04:15:41<nicolas17>we don't know why imgsrc is blocked on WBM, we're not the Internet Archive
04:16:01<Nicker8>Pretty sure because it doesn't accept .ru url
04:17:14<Flashfire42>Thats not how any of this works anymore. Since Archive.org started ignoring robots.txt it is only really excluded if its CSAM or if the website owner requests its removal
04:17:36<Nicker8>Oh maybe both
04:18:00<Nicker8>Well actually there's still CSAM on archive.org possibly depends on what your type is
04:18:11<nicolas17>https://web.archive.org/web/20240907062326/https://cctld.ru/
04:18:18<steering>If it were me, I would not be hosting anything that came from imgsrc.ru
04:18:20<nicolas17>dunno where you get the idea that all of .ru is blocked
04:18:50<Nicker8>I don't know where he gets the idea of how CSAM content is all blocked
04:19:59<Flashfire42>I meant on the wayback machine its only manual exclusions these days. If the website is requested to be removed by the site owner or if someone emails the archive.org info email adress and goes hey t.me/DEFSNOTILLEGAL/8887 has CSAM maybe you should block that from being viewed
04:20:11<Flashfire42>Thats what I meant
04:20:30<Flashfire42>Things dont generally get excluded from wayback
04:20:36<Nicker8>Yeah I get it it's not fully accurate of what it does I know
04:21:48<Flashfire42>There arent blanket blocks on tld tho
04:22:58<Nicker8>What do you mean blanket blocks lol
04:24:03<Flashfire42>I meant they wont just block a whole TLD. the individual site owner has to say hey exclude my website from archive.org or an admin at IA has to go Well fuck keeping this available to the public is not worth it right now lets dark it
04:24:45<Nicker8>Pretty sure the owner probably didn't want it on there
04:25:05<nicolas17>what do you want us to do?
04:25:06<Flashfire42>Then yeah that is what has happened then they would have manually requested exclusion
04:26:04<Nicker8>Find another site like wbm if it's possible or find an archiving accessible data site that either gets created or already is there
04:31:46<nulldata>You're welcome to create your own
04:32:08<Nicker8>I have to do all the work?
04:32:42<nulldata>Build it and they will come - maybe
04:33:00<Nicker8>I just signed up to this and this is what I'm getting right now
04:33:02<nicolas17>we have to do all the work for you?
04:33:15<Nicker8>I thought that's what your job is
04:33:25<TheTechRobo>our job is to archive the data
04:33:27<TheTechRobo>not to store it
04:33:27<Nicker8>The "archiveteam"
04:33:34<TheTechRobo>Storing data is expensive
04:33:54<TheTechRobo>The Mildom project is 240TiB so far.

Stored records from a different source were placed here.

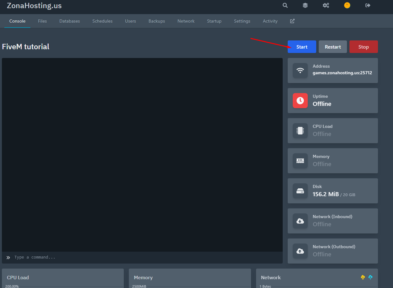 Now that we have all the database details, we go to "CONSOLE" and we hit the start button:
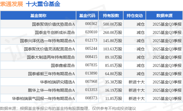 根据2025基金Q3季报公募基金重仓股数据,重仓该股的公募基金共12家,其中持有数量最多的公募基金为国泰基金的国泰聚信价值优势混合A。国泰聚信价值优势混合A目前规模为15.43亿元,最新净值2.583(11月13日),较上一交易日上涨1.37%,近一年上涨25.33%。该公募基金现任基金经理为程洲。程洲在任的基金产品包括:国泰金牛创新成长混合,管理时间为2015年1月26日至今,期间收益率为158.78%;国泰大农业股票A,管理时间为2017年6月15日至今,期间收益率为86.55%;国泰聚优价值灵活配置混合A,管理时间为2017年11月15日至今,期间收益率为90.3%。
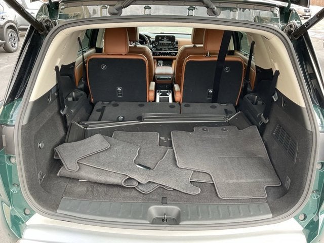 The stunning green exterior, complemented by the sophisticated black accents, gives this Pathfinder a bold and commanding presence on the road. Step inside and you'll be greeted by a luxurious cabin adorned with premium leather seating, heated and ventilated front seats, and a host of advanced technology features that will keep you connected and entertained.
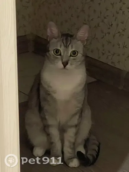 Предположительно выпрыгнул с балкона. Окрас сероватый в полоску, на хвосте и лапах особенно ярко выражены. На грудке и животе шерсть белая. Без ошейника. Зовут Каспер. Важная особенность: на задних лапках стерта немного шерсть, выглядит как проплешина.
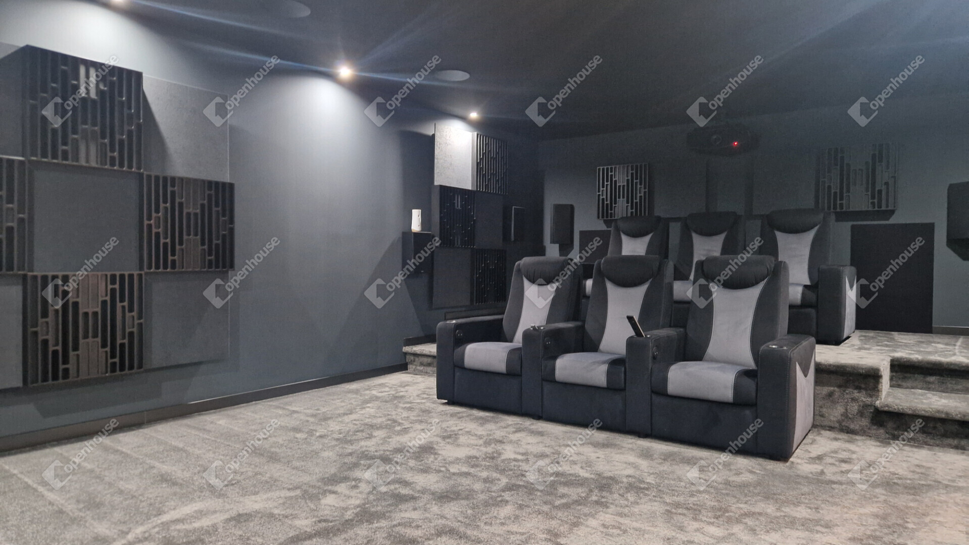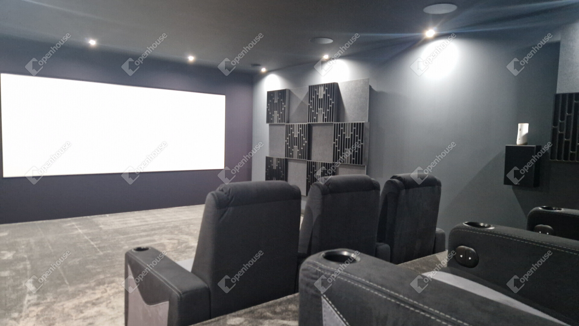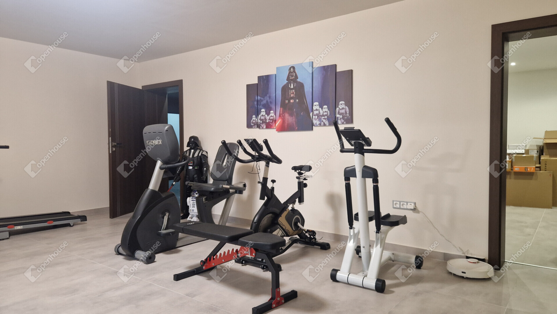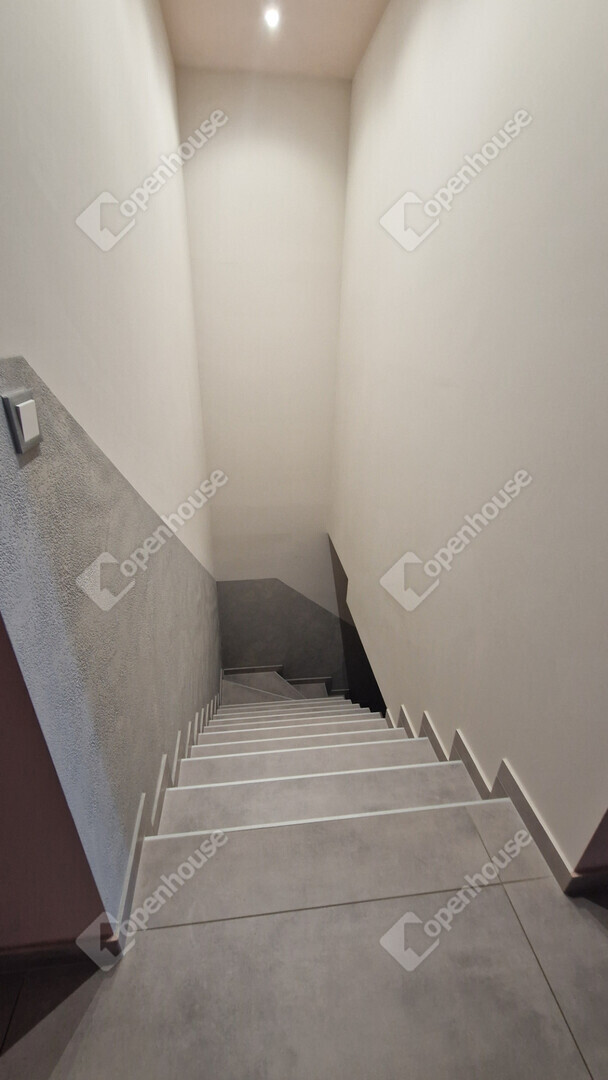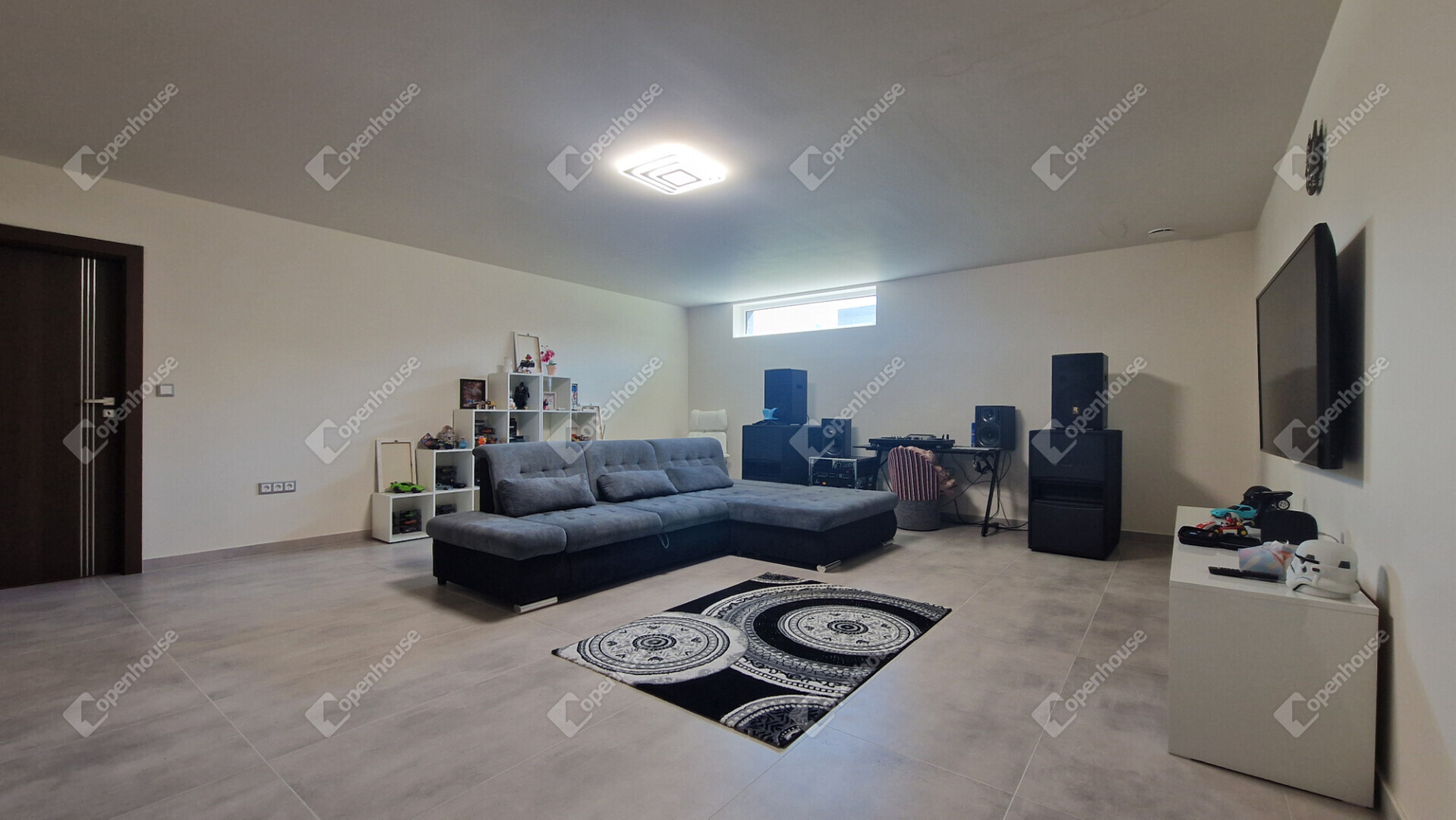 Szuterén részén kialakított helyiségek: lépcsőház-közlekedő, játszó szoba, kondi terem, hobby szoba, tároló, gépészeti helyiség, mozi szoba.
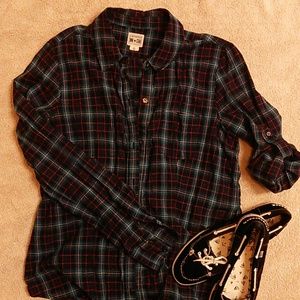 pink, turquoise and black plaid long sleeve shirt, can roll and button up sleeves, washed never worn, rivet detailing on back below collar
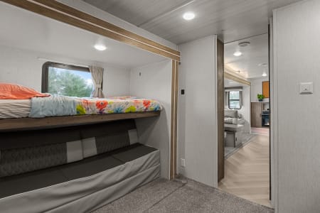 Occupancy: Rental price covers RV only - no guests included. Cozy Package required per guest for complete comfort amenities (linens, towels, toiletries, kitchen essentials, etc.). Guests are welcome to bring their own cozy extras and amenities.

That's roughly ten 24TB hard drives
04:34:00<nulldata>There's plenty of existinf open source AT projects to bootstrap from
04:34:15<nicolas17>why should we work on archiving imgsrc.ru with so many other sites to archive? (some of which already announced they will shut down soon so they are obviously a priority)
04:34:39<Nicker8>Isn't imgsrc.ru one of them?
04:34:52<nicolas17>did they announce they are shutting down soon?
04:35:18<Nicker8>You don't know when it can shut down sometimes they don't tell you and it gets shut down
04:35:52<nulldata>Funny, I feel like that's been asked a few times in the past hour with no answer lol
04:36:21<nicolas17>sure... meanwhile there's another site that announced it will shut down in September 1st, and it did, but some videos are still in the CDN so we're saving as much as we can
04:36:41<Nicker8>It's September 7th what are you talking about
04:36:43<nicolas17>and we're having trouble with that because our intermediate servers are absolutely saturated with network and disk
04:37:32<nulldata>Do you remember? The 21 first night of September.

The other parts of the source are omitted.